— Task prompt —
Wherever an image appears in the data, omit it and copy all the remaining text word for word.

— Exercise data —
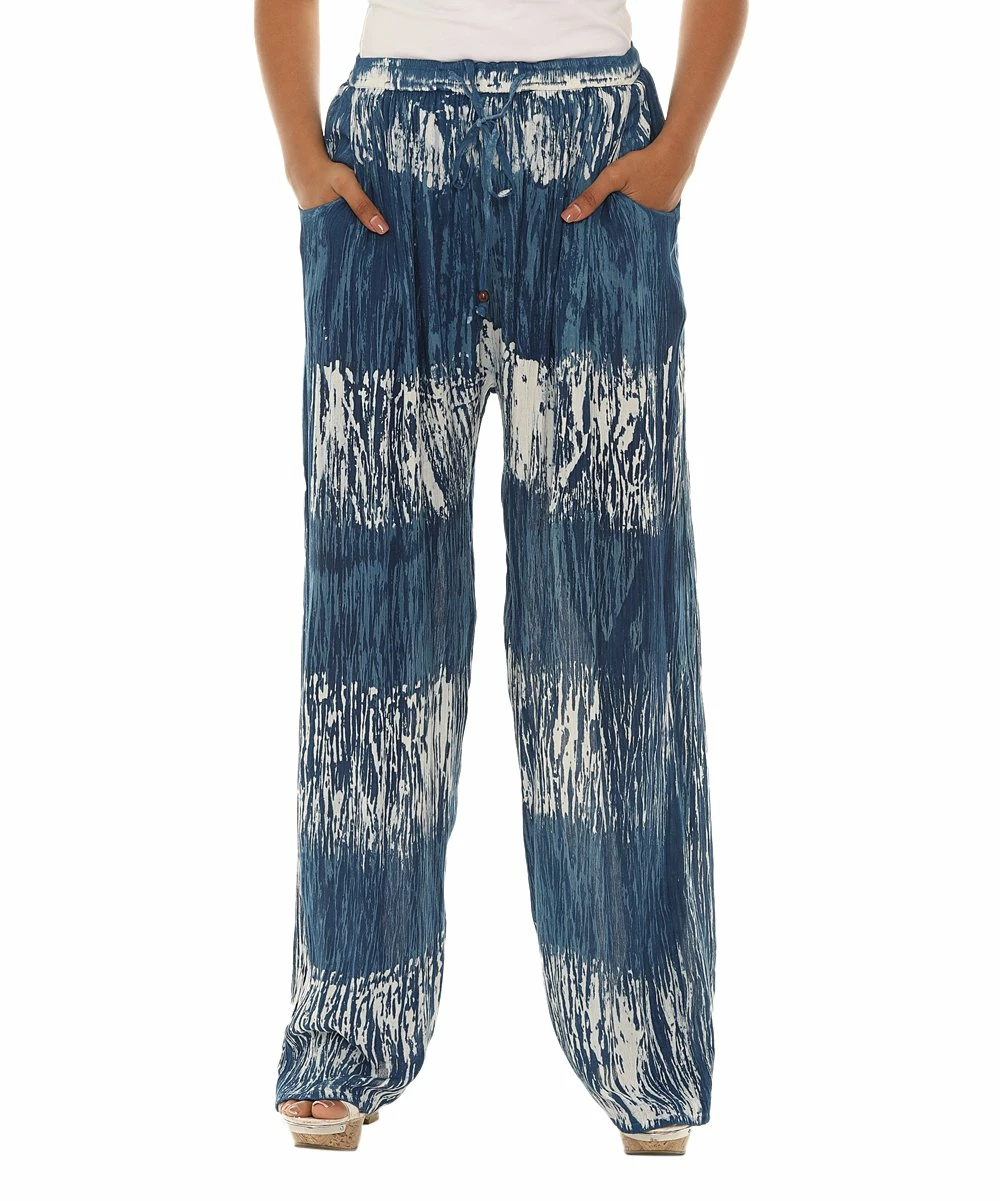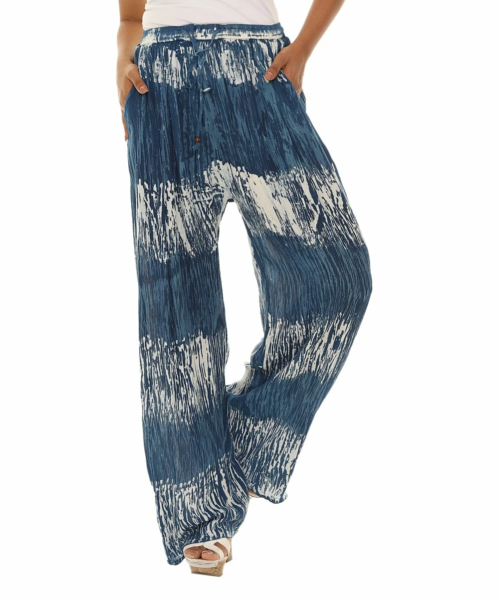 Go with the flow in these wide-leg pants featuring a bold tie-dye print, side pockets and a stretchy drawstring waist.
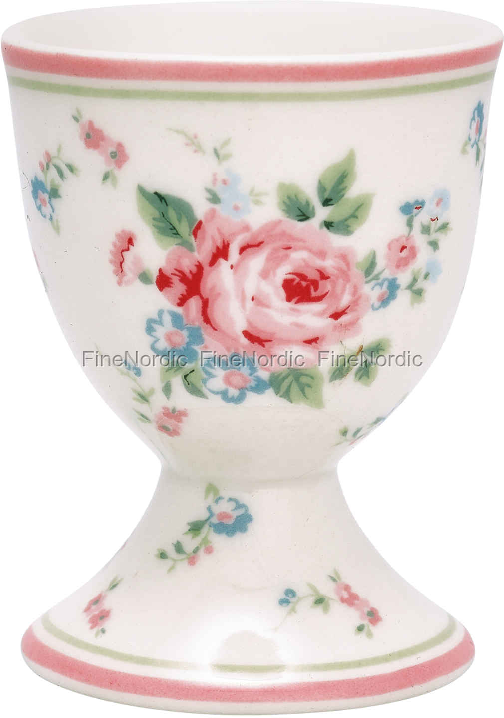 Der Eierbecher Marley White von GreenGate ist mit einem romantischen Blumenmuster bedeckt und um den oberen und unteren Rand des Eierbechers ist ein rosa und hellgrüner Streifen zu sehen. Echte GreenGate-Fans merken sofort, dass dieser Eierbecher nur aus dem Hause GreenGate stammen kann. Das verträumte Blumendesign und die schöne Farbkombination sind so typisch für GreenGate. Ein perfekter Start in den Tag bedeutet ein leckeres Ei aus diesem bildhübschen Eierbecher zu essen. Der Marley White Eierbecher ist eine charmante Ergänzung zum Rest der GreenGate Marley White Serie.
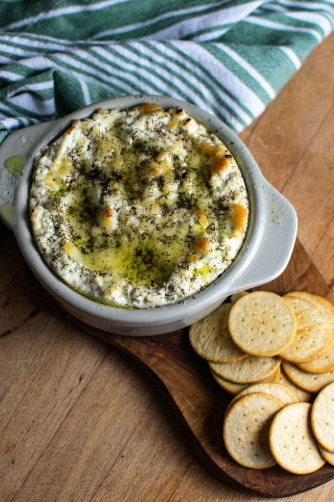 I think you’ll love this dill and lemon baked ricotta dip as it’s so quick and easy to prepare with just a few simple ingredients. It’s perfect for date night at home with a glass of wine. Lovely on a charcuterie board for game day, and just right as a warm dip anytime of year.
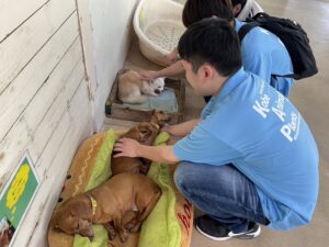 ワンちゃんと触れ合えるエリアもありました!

— Problem solution —
 Go with the flow in these wide-leg pants featuring a bold tie-dye print, side pockets and a stretchy drawstring waist.
 Der Eierbecher Marley White von GreenGate ist mit einem romantischen Blumenmuster bedeckt und um den oberen und unteren Rand des Eierbechers ist ein rosa und hellgrüner Streifen zu sehen. Echte GreenGate-Fans merken sofort, dass dieser Eierbecher nur aus dem Hause GreenGate stammen kann. Das verträumte Blumendesign und die schöne Farbkombination sind so typisch für GreenGate. Ein perfekter Start in den Tag bedeutet ein leckeres Ei aus diesem bildhübschen Eierbecher zu essen. Der Marley White Eierbecher ist eine charmante Ergänzung zum Rest der GreenGate Marley White Serie.
 I think you’ll love this dill and lemon baked ricotta dip as it’s so quick and easy to prepare with just a few simple ingredients. It’s perfect for date night at home with a glass of wine. Lovely on a charcuterie board for game day, and just right as a warm dip anytime of year.
 ワンちゃんと触れ合えるエリアもありました!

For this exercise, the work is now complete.